Der Entzug der Staatsbürgerschaft als Anti-Terror-Massnahme ist also ein völlig verkehrter Ansatz, zumal man versucht, die vermeintliche Unzulänglichkeit einer allzu milden Strafe mit einer verwaltungsrechtlichen Massnahme zu beheben.
Selbst wenn im Fall Ümit Y. die rechtlichen Formalitäten des Bürgerrechtsgesetzes erfüllt sein sollten, bleibt es doch falsch, feige und nutzlos, einem Bürger die Staatsbürgerschaft zu entziehen.
Die Ausbürgerung ist falsch, weil sie einen unverhältnismässig krassen Eingriff in die Identität eines Menschen darstellt. Die Staatsbürgerschaft ist kein Privileg, sondern ein Recht: das Recht auf Rechte.
Die Ausbürgerung ist feige, weil sie das Problem Terrorismus nicht selber angeht, sondern an einen anderen Staat abschiebt.
Die Ausbürgerung ist nutzlos, weil sie im Kampf gegen den Terror nichts bringt.

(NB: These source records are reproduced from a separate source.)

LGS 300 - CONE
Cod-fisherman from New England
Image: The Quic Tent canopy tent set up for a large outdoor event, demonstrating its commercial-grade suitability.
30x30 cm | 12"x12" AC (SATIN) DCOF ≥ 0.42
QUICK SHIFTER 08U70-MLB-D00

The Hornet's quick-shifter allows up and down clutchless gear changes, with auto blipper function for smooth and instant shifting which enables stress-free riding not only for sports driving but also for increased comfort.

Der Staat entlässt damit seine Bürger aus ihrem Einfluss- und Kontrollbereich – und treibt sie in internationale Netzwerke von Terroristen, wie verschiedene Untersuchungen zeigen.

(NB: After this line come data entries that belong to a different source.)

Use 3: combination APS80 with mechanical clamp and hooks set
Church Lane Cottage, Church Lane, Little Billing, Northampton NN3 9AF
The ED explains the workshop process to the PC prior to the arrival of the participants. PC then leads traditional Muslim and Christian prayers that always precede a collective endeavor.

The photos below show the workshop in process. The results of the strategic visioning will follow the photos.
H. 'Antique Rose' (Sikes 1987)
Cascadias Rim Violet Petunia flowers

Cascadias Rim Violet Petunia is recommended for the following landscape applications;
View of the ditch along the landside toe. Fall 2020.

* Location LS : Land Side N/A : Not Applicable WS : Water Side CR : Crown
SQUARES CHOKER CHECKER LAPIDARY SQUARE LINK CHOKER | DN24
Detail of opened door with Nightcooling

Der Entzug der Staatsbürgerschaft als Anti-Terror-Massnahme – das erinnert weniger an einen modernen Rechtsstaat als vielmehr an die mittelalterliche Methode der Verbannung. Umso schändlicher ist es, dass die erste Ausbürgerung eines Doppelbürgers überhaupt so leise erfolgt – fast ohne Aufschrei und Widerspruch.
Denn das macht den Rechtsstaat ja gerade aus: Selbst wer mit dem Teufel tanzt, darf das grundlegendste aller Rechte nicht verlieren – die Staatsbürgerschaft. Oder eben: das Recht auf Rechte.